Following the line of the catwalk, she saw a breach in the cavern wall, adjacent to the metal walkway. From it came a beam of red light, constant, coherent. It emerged from the wall and penetrated into the barrier, sending ripples of color out through it.
She could not see them from here, but she
knew that there were two other such beams, blue and yellow, elsewhere in the chamber.
It is here, Amurru said, drawing her attention to the side.
Silent with awe, Allera followed her. Her footsteps made no sound, and some aware part of her mind whispered that she was not really here, that this could not be real.

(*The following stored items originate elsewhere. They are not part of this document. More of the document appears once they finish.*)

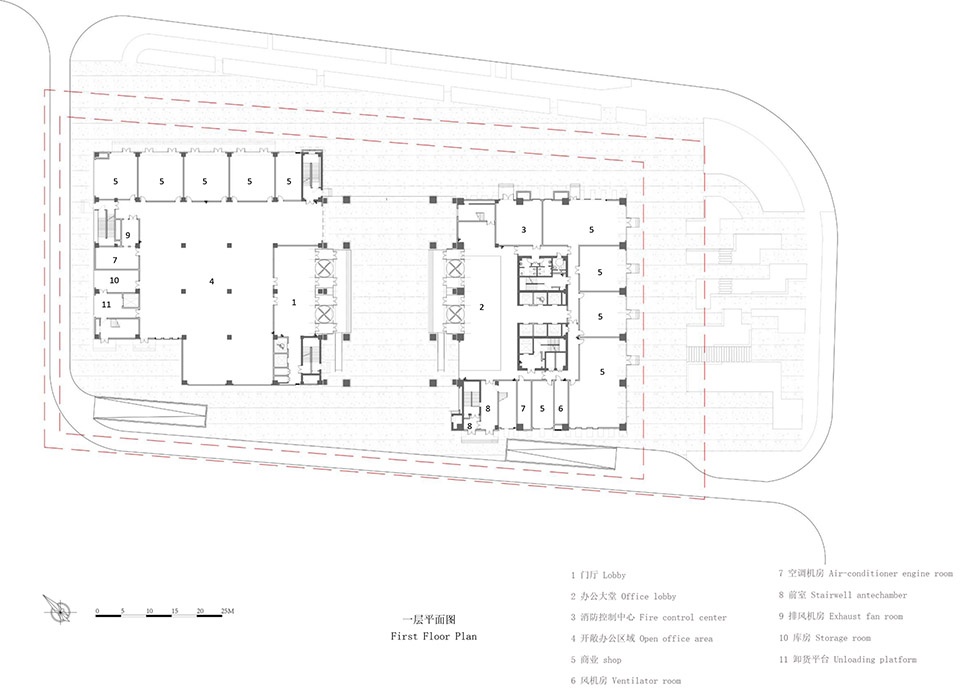 首先对原来功能为实验室和会议的裙房化整为零,把实验室功能重新置换,分为景深和面宽比例为3:1的零售商业,并引入目的型消费旗舰店如主题餐饮和社区服务银行,并强化裙房屋面的公共价值,裙房顶层结合屋顶平台引入办公自用咖啡和轻餐业态以引导交流发生。塔楼功能定义为文创类办公租赁,另外也引入WeWork、西北总部和普汇中金自用总部办公进驻。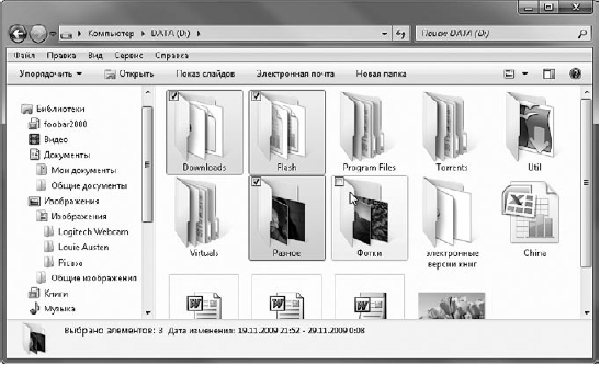 В Windows 7 появился новый прием выделения объектов без использования клавиатуры – при помощи флажков. Чтобы включить отображение флажков для значков в Проводнике, выполните команду Упорядочить ? Параметры папок и поиска, в открывшемся окне перейдите на вкладку Вид и установите флажок Использовать флажки для выбора элементов. После этого при наведении указателя мыши на любой значок в его верхней части будет появляться окошко флажка. Щелчком на нем вы можете установить флажок, выделив таким образом объект, а повторным щелчком снять выделение. Последовательно устанавливая флажки для разных объектов, вы можете выделить неограниченное их количество, не прибегая к удерживанию клавиш (рис. 3.25). Чтобы одновременно снять выделение флажками для нескольких объектов, просто щелкните на свободном участке области содержимого папки.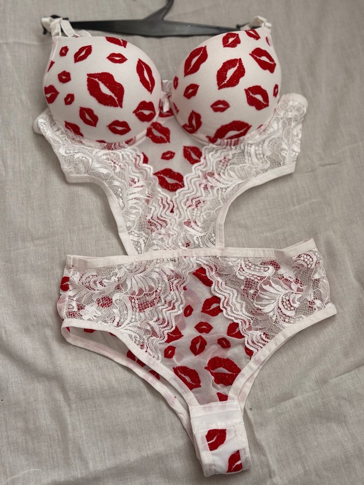 Kırmızı dudak desenli beyaz sütyen ve külot takımı, dantel detaylı, kısa ve modern tarzda, rahat bir his sunar.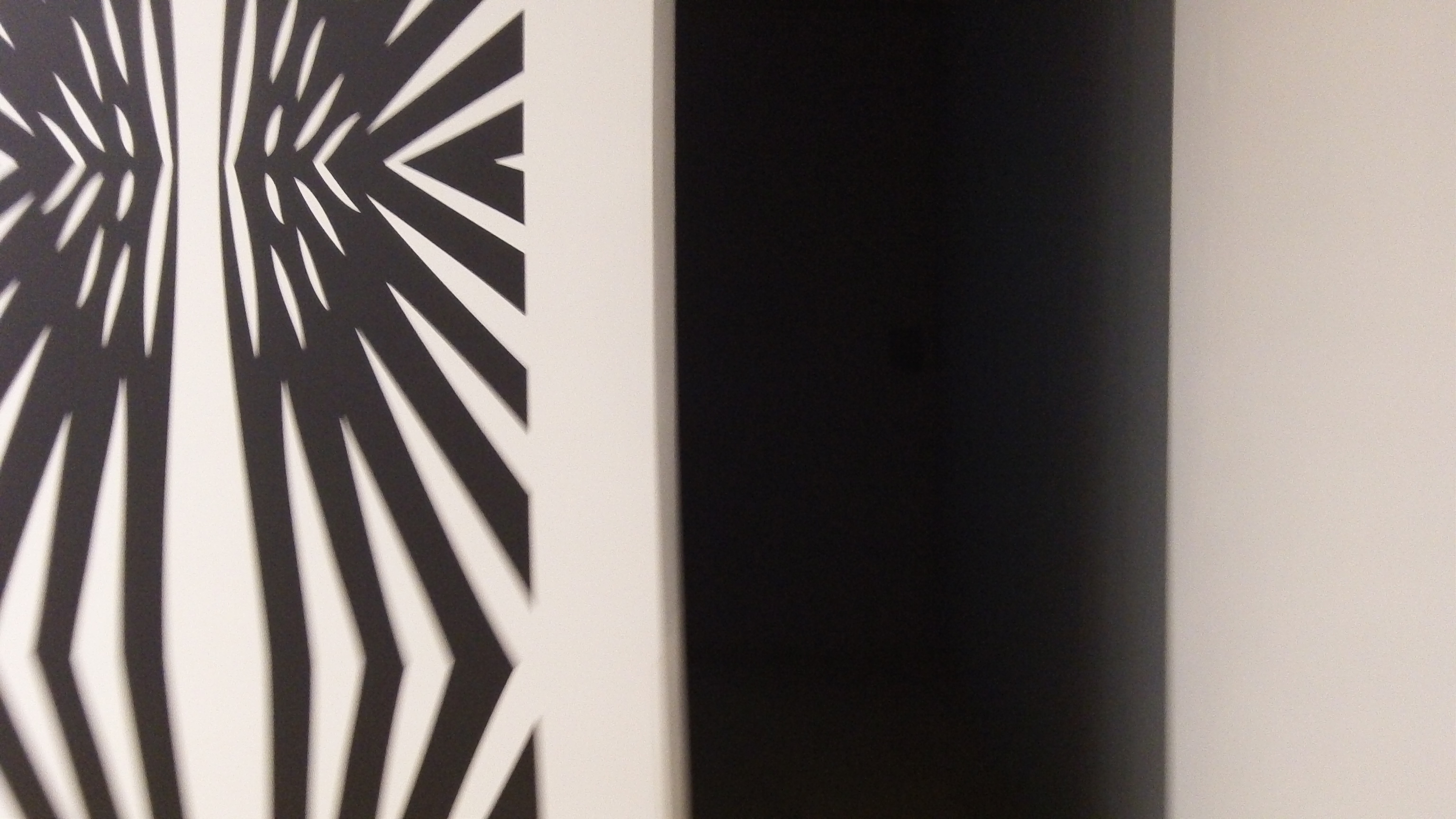 For me, it was late already when I found the door to the exhibition space on the first floor which opened it onto a huge, rather alarming black and white wall painting in front of me.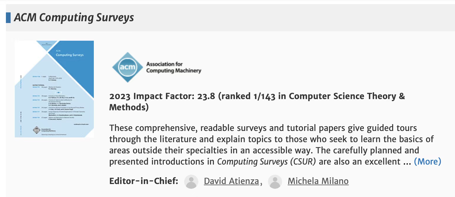 ACM Computing Surveys是美国计算机协会(ACM)旗下的期刊之一,是计算机科学、人工智能、软件工程等领域的重要综述类期刊,主要收录计算机各分支领域的重要研究进展、技术综述和文献总结,致力于为科研人员和工程技术人员提供权威、系统、前沿的知识参考。该期刊的最新SCI影响因子为23.8(2023年数据,在Computer Science Theory & Methods领域排名第1/143),中科院一区TOP期刊,JCR分区Q1。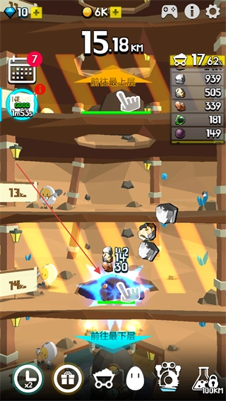 击碎岩石后,点击进入下一层的按钮,就能让挖掘深度进一步推进,比如达到15.18千米。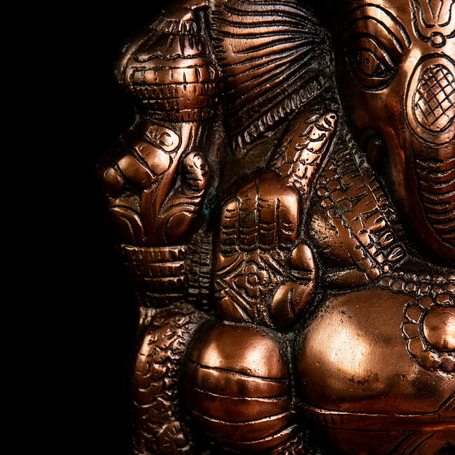 ■ガネーシャ【31cm】の詳細 素材 ガンメタル 備考 素材の特性上、緑青が生じている場合がございます。 商品サイズ約31cm x 21cm x 11.50cm 約1500gインド商品について弊社では「現地の雰囲気をそのまま伝える」というコンセプトのもと、現地で売られている商品を日本向けにアレンジせず、そのまま輸入・販売しております。日本人の視点で商品を検品しておりますが、インドならではの風合いや作りのものもございます。全く文化の異なる異国から来た商品とご理解ください。あす楽についてクーポンプレゼントキャンペーンについてこちらの商品は「商品レビューで1000円OFFクーポン プレゼント」キャンペーンの対象商品です。以下の画像をクリックで、キャンペーンの詳細ページをチェック!正面からの写真です顔の拡大写真です細部の拡大写真です細部の拡大写真です台座部分にはガネーシャの乗り物であるねずみがいます。斜めから見てみました。斜めから見てみました。背面からの様子です。 ■豊かな存在感 幸運と金運を呼ぶガネーシャの像。ガネーシャはあらゆる困難を取り去り人々に成功をもたらすとされ、インドでも最も愛されている神の一柱です。 ■重厚な雰囲気で持ち運び簡単 黒光りする重厚な雰囲気と、持ち運びしやすい重さが特徴の金属、ガンメタル製。重量とコスト削減のため、見えない部分は綺麗に削られています。その分、お値段も安く、お買い特なんですね。そんな裏面もインドらしい無骨な感じで味わい深いです。 もちろん見える部分はしっかりと綺麗に作りこまれているので、部屋に飾ると存在感抜群!!レストランや雑貨屋のディスプレイとしてもお勧めです。満足いく大きさ、確かな細工で、きっとご満足いただける逸品です。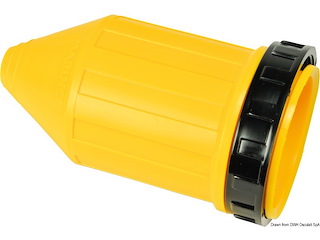 Presa rivestita in nylon con rigatura per presa art.3939620/1. Contatti e terminali resistenti alla corrosione. Per il collegamento della corrente dalla banchina alla barca.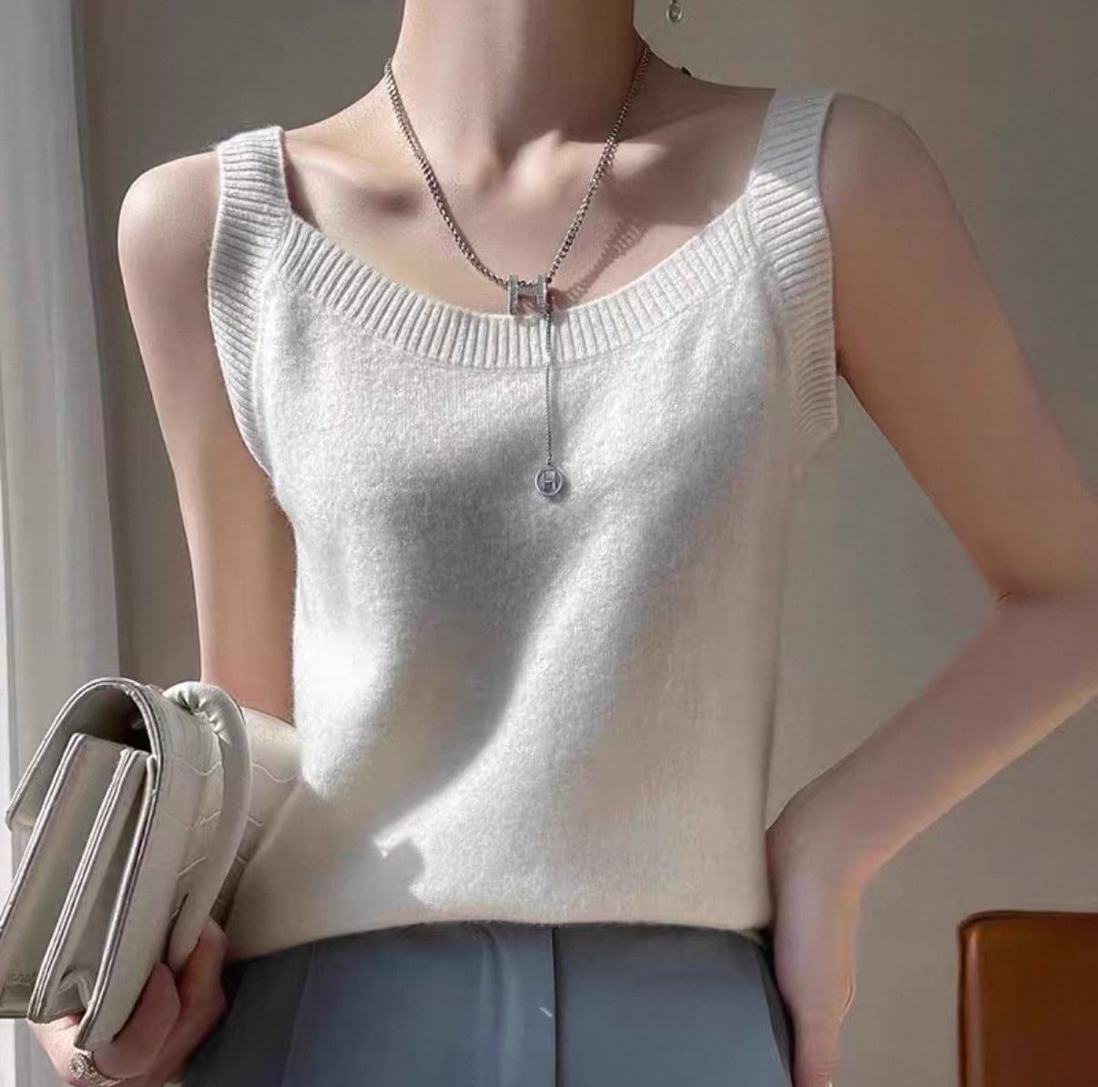 ・このアイスシルク ニット ノースリーブ インナー トップスは、軽やかな素材感で着心地も抜群。肌に優しく、さらっとした触感が特徴です。ノースリーブデザインは、これからの季節にぴったりで、カジュアルなボトムスはもちろん、スカートと合わせることで、より一層お洒落に決まります。シンプルながらも洗練されたスタイルを楽しんでください!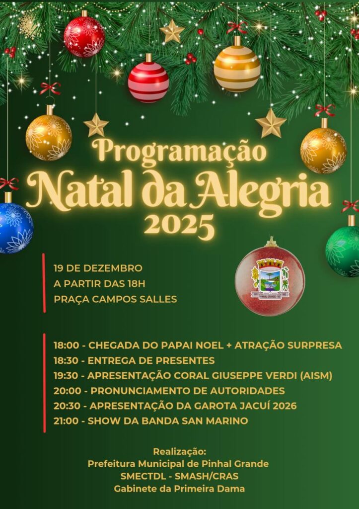 O Natal da Alegria 2025 é uma realização da Prefeitura Municipal de Pinhal Grande, por meio das Secretarias de Educação e Assistência Social, além do Gabinete da Primeira-Dama, reforçando o espírito natalino, a integração comunitária e a valorização cultural. A organização lembra que toda a programação é gratuita e orienta as famílias a levarem cadeiras para maior conforto durante o evento.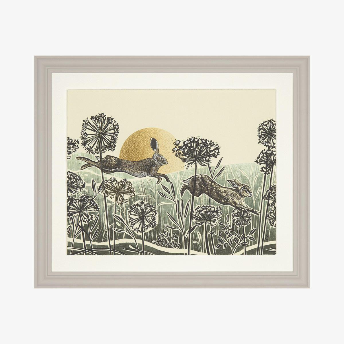Whether displayed in a living room,bedroom or hallway,this wall art is sure to captivate. Crafted from torn and raised paper,this unique artworks brings tactile dimension the piece to portray the skipping hares bounding across the meadow at sunrise.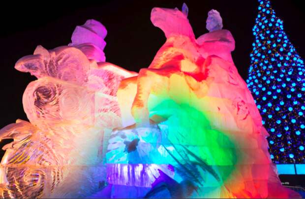 Если соберётесь посмотреть на всю эту красоту, сможете увидеть главную достопримечательность Рима – Колизей и московский собор Василия Блаженного. А ещё копию Кремлёвской стены с каскадом ледяных горок. Здесь, кстати, можно будет прокатиться с ветерком. Длина самой большой горки составит 100 метров. Каждый день гостей ждут концерты, спектакли и представления. Будет и балет, и гладиаторские бои, и китайское шествие с драконом. Фестиваль закончится в это воскресенье, а ледяные скульптуры простоят до весны – пока не растают.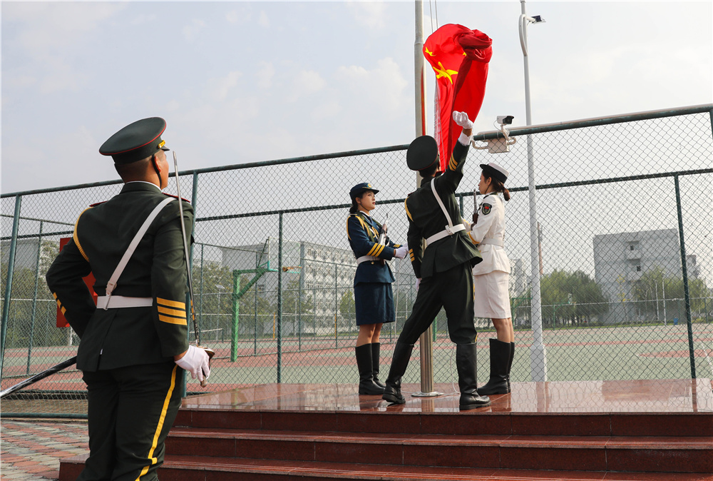 开学典礼在师生高昂齐唱国歌声中拉开帷幕。随后,出校旗,奏唱校歌。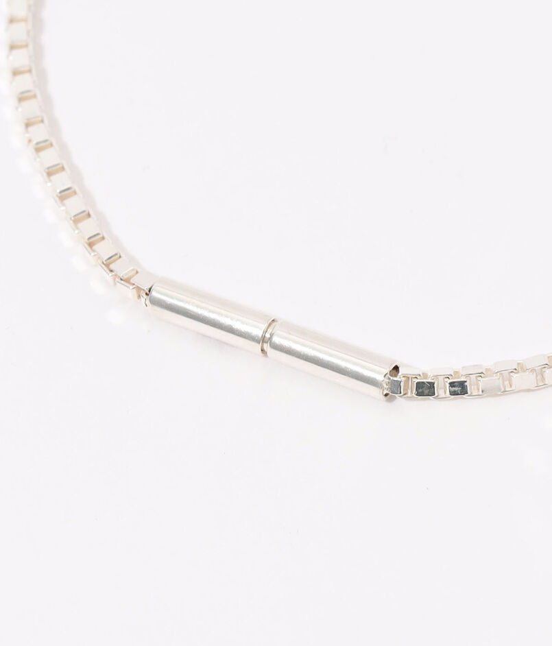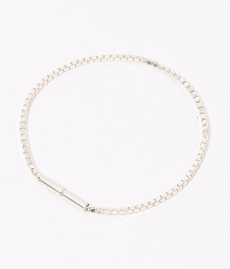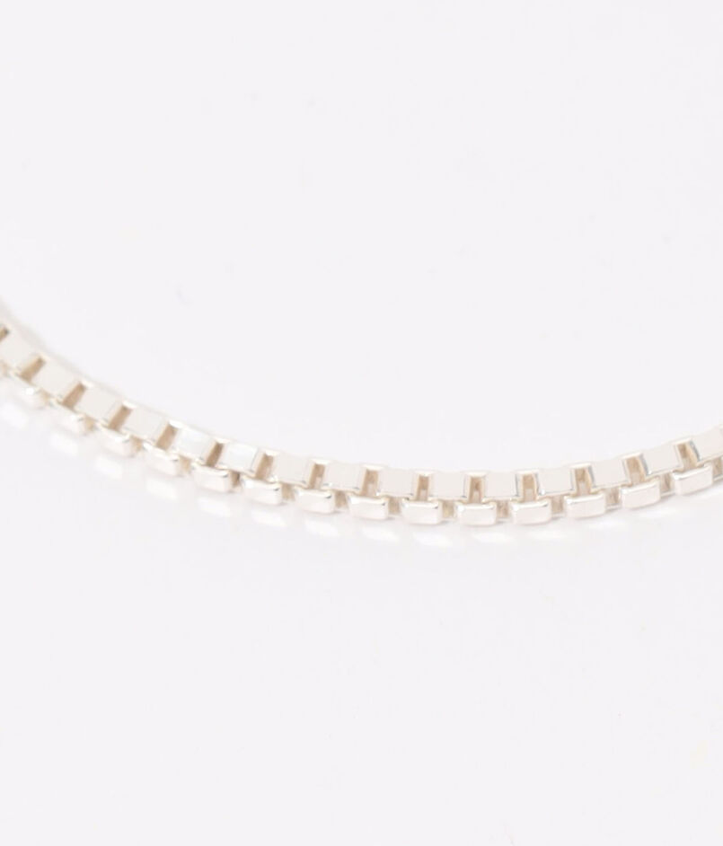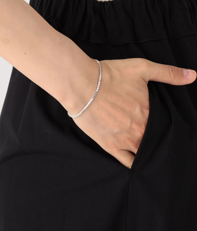ボックスチェーンが手元に煌めきをもたらし、コーディネートをきりりと引き締めてくれるブレスレット。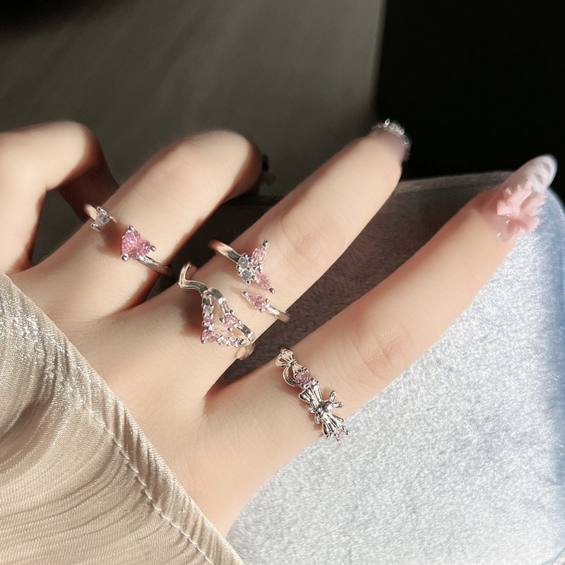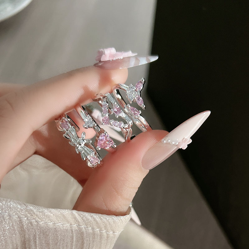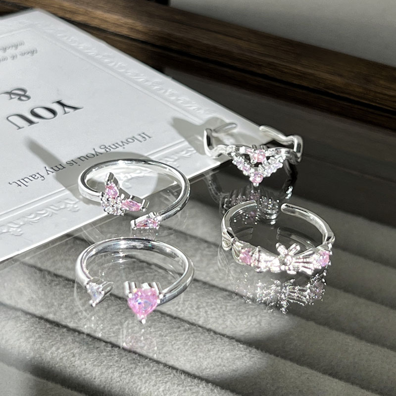 少女风甜酷粉钻爱心蝴蝶精致开口戒指女小众轻奢简约叠戴指环配饰

What was more frightening, however, was that this
was real. For she was becoming aware of something
else, something incredible and unbelievable that twisted and surged in a deep but uncertain sleep behind that barrier...
Here.
Allera stopped and looked. She felt it at once, the black slick that penetrated through the stone wall, like a skein of bubbling tar, only part of the stone. It had seeped across the ground, passing a scant foot from where she now stood, across the room...
To the barrier.
She could feel the corruption in that black mark. She knew it all too well; it was an embodiment of the evil that she had felt in the temples of Orcus, deep within the bowels of Rappan Athuk. She had felt it in Gudmund, in the dark demon Maphistal, in the touch of the incorporeal undead that had eagerly sought her soul.
“What... what is in there?”
The Ravager. It sleeps.
“Not for long,” Allera said, before she could think. She could not look away from the gray pyramid, especially at the point where the black slick touched it. She imagined that she could see the field there weakening, straining...
Or had she imagined it?
No, the lich said, turning to fix her with a cold stare.
Its slumber had grown light indeed.
Something in the lich’s voice, the sinuous whisper in her head, made her turn back toward it. Amarru was there, right in front of her, looming over her, although the two were of similar stature. The lich extended a bony hand, and seized Allera’s forehead.
Icy cold needles of pain stabbed into her skull, and Allera screamed, as the black rushed in at her once more.